Los derechos de los Juegos Olímpicos Tokio 2020 aún no han sido atribuidos, pero ya Arturo Elías Ayub ha declarado el interés de América Móvil por seguir transmitiendo eventos del COI. Si eso es cierto, Slim, competidor como ninguno, no puede arriesgarse a otro ridículo como el sucedido en estas semanas.

Telmex, propiedad de Slim, es uno de los patrocinadores más importantes del deporte olímpico, pero a través del Comité Olímpico Mexicano. Se comporta como una empresa normal, no como el verdadero impulsor del cambio en el deporte del país -como hizo con el automovilismo en el pasado-. Haría falta mucho más, ya sea creando un fideicomiso específico controlado por alguien intachable, o por un mecanismo como el de la lotería que también resulte negocio para el multimillonario.

Para poder cambiar su suerte olímpica, México necesita dinero. ¿Nada más? Esencialmente sí. Más dinero equivale a mejores instalaciones, mejores entrenadores, mejor preparación y mejores atletas. Con más dinero, bien repartido, los directivos se vuelven menos importantes.

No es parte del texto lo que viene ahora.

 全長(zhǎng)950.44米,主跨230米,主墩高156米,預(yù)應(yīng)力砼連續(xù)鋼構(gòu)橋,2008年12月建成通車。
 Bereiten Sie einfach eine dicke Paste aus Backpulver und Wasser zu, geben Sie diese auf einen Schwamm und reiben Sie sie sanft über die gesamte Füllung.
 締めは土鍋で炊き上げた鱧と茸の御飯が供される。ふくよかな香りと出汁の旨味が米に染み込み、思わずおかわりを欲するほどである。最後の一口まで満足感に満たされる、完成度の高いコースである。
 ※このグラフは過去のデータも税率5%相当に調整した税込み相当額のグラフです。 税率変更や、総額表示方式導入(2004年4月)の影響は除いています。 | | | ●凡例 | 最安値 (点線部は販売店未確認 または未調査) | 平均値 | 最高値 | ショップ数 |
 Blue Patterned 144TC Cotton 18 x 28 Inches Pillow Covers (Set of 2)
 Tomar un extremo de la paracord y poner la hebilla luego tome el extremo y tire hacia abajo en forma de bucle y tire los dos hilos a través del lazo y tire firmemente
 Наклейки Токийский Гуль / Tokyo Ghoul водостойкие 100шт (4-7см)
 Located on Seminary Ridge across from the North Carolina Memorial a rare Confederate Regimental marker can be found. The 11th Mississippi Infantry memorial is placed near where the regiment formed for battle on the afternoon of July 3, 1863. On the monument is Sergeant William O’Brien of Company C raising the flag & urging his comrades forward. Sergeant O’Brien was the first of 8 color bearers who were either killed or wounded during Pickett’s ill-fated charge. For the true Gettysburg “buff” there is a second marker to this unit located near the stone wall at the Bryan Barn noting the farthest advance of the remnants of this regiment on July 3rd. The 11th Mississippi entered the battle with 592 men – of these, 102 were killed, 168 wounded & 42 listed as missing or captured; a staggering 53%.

La llave está en manos de quien quiera tomarla, Slim, la lotería, el gobierno, quien sea, pero alguien tiene que hacerlo. Río 2016 tiene que ser el principio de un cambio en el deporte mexicano como lo fue Atlanta 96 para los británicos. De otro modo correremos la suerte de otro país que hizo un ridículo histórico en aquellos Juegos y que veinte años ha obtenido exactamente los mismos resultados… México.